-- WHAT THIS TASK INVOLVES --
In your copy of the records, include every word exactly and no pictures.

(Data records)
- Opening Delimiter -

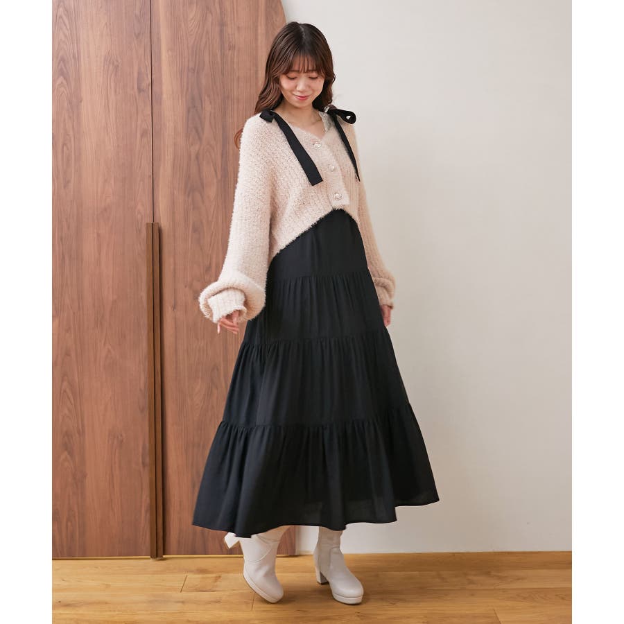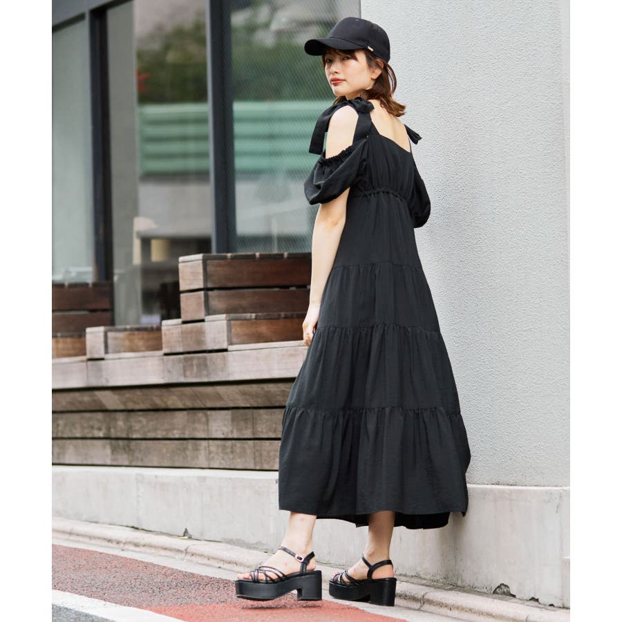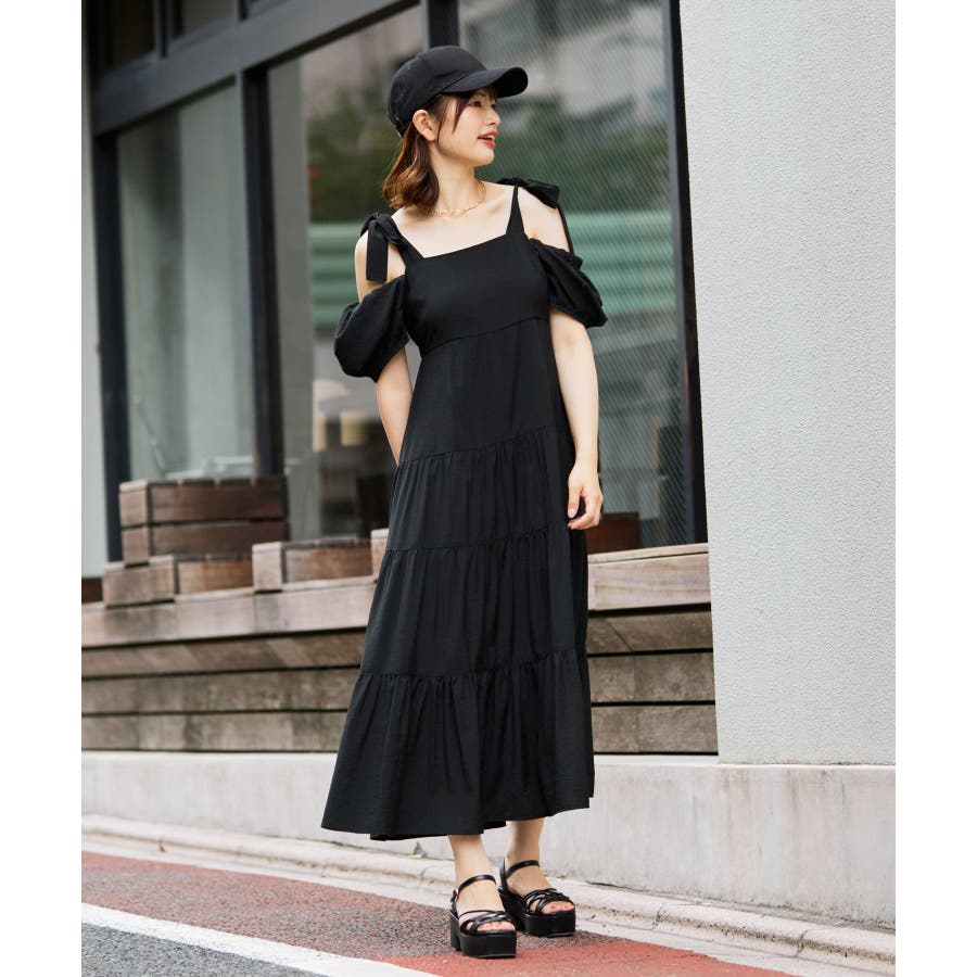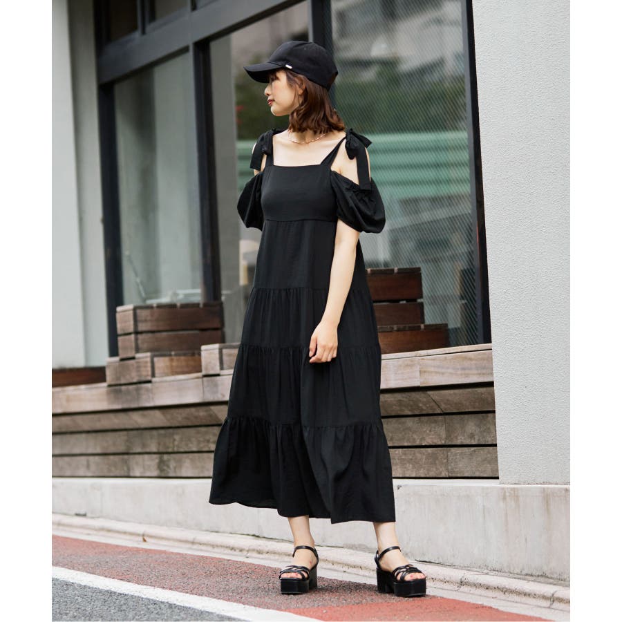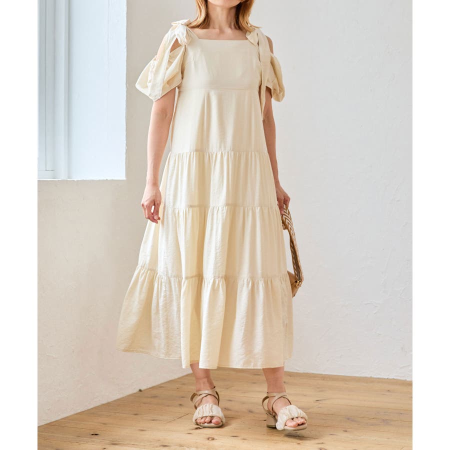 2way肩リボンティアードワンピース
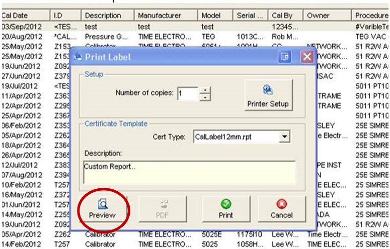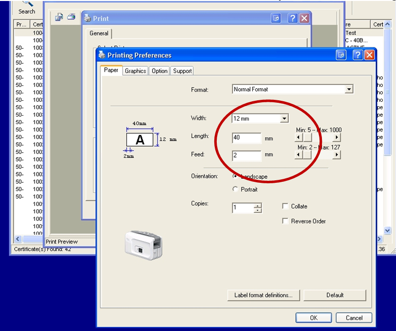 When using a label cartridge which is a different size than specified in the default printer settings, the following instructions should be followed.
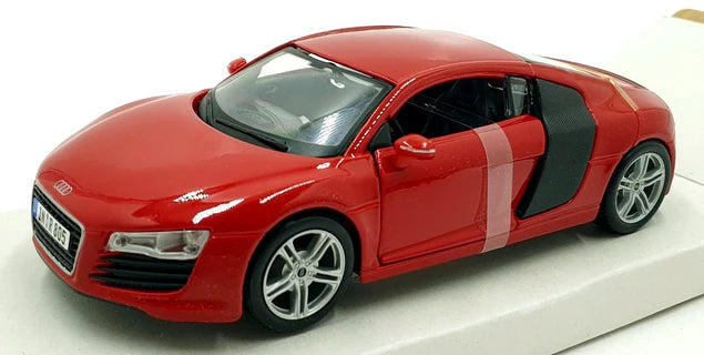 Maisto 1:24 Diecast Audi R8 Model Car in Red, The model is NEW and in excellent condition, but has been previously displayed in the shop only in the box itself. - The box is in good condition, but has slight wear to the window edge and box edges due to shelf display.
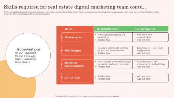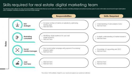 The following slide outlines key roles and responsibilities of stakeholders that can assist realtors to effectively develop marketing strategies and achieve business goals. It covers information about Search Engine Optimization SEO strategist, marketing consultant, and social media manager.Coming up with a presentation necessitates that the majority of the effort goes into the content and the message you intend to convey. The visuals of a PowerPoint presentation can only be effective if it supplements and supports the story that is being told. Keeping this in mind our experts created Skills Required For Real Estate Digital Marketing Team Real Estate Property Marketing Mockup Pdf to reduce the time that goes into designing the presentation. This way, you can concentrate on the message while our designers take care of providing you with the right template for the situation. The following slide outlines key roles and responsibilities of stakeholders that can assist realtors to effectively develop marketing strategies and achieve business goals. It covers information about Search Engine Optimization SEO strategist, marketing consultant, and social media manager.
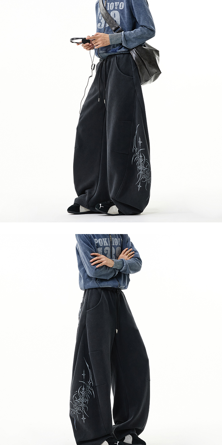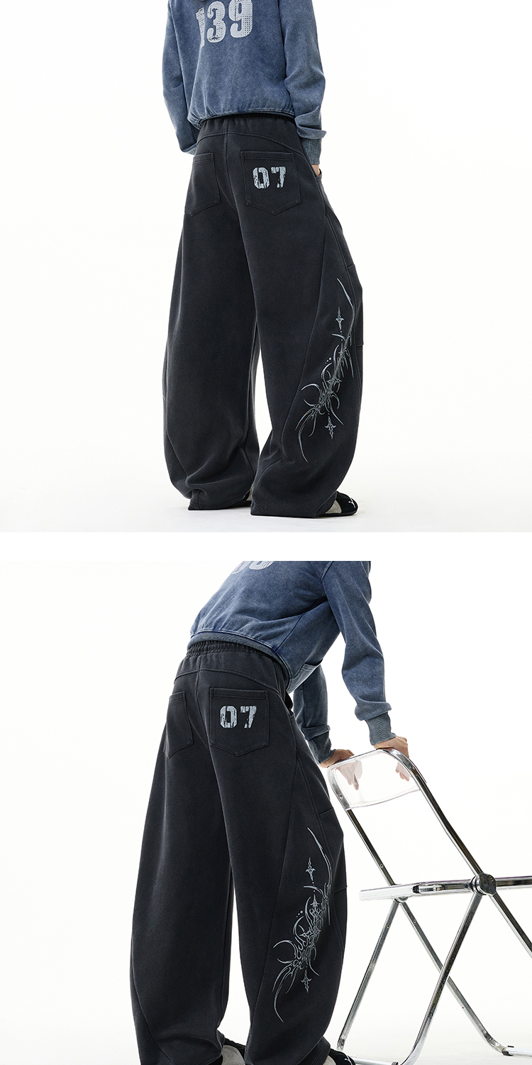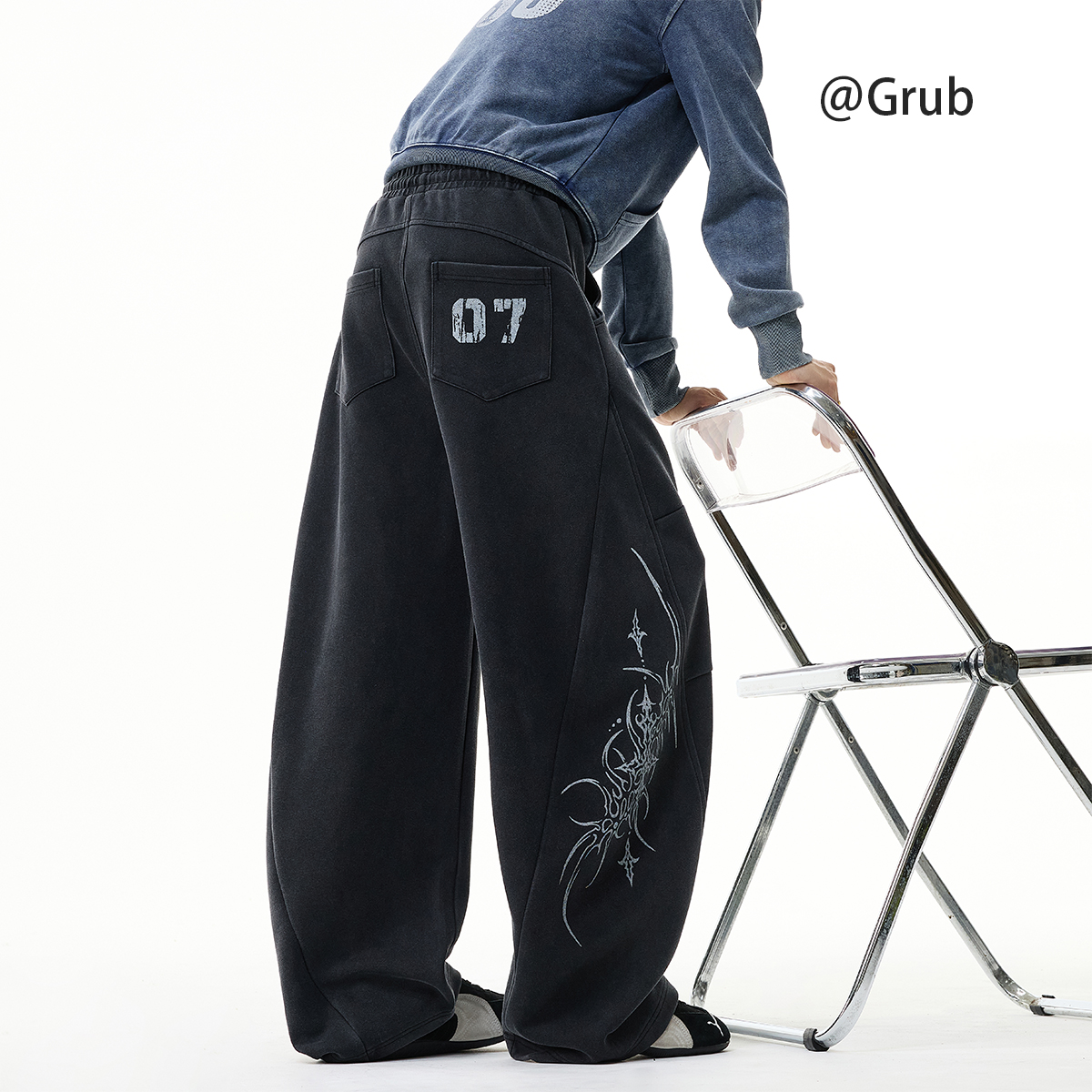Heavyweight Hip-Hop Sweatpants for Men and Women, Winter American-Style Trendy Brand Printed Flared Long Pants, Vintage Loose Floor-Length Pants

- Closing Delimiter -

-- SOLUTION --
 2way肩リボンティアードワンピース
 When using a label cartridge which is a different size than specified in the default printer settings, the following instructions should be followed.
 Maisto 1:24 Diecast Audi R8 Model Car in Red, The model is NEW and in excellent condition, but has been previously displayed in the shop only in the box itself. - The box is in good condition, but has slight wear to the window edge and box edges due to shelf display.
 The following slide outlines key roles and responsibilities of stakeholders that can assist realtors to effectively develop marketing strategies and achieve business goals. It covers information about Search Engine Optimization SEO strategist, marketing consultant, and social media manager.Coming up with a presentation necessitates that the majority of the effort goes into the content and the message you intend to convey. The visuals of a PowerPoint presentation can only be effective if it supplements and supports the story that is being told. Keeping this in mind our experts created Skills Required For Real Estate Digital Marketing Team Real Estate Property Marketing Mockup Pdf to reduce the time that goes into designing the presentation. This way, you can concentrate on the message while our designers take care of providing you with the right template for the situation. The following slide outlines key roles and responsibilities of stakeholders that can assist realtors to effectively develop marketing strategies and achieve business goals. It covers information about Search Engine Optimization SEO strategist, marketing consultant, and social media manager.
Heavyweight Hip-Hop Sweatpants for Men and Women, Winter American-Style Trendy Brand Printed Flared Long Pants, Vintage Loose Floor-Length Pants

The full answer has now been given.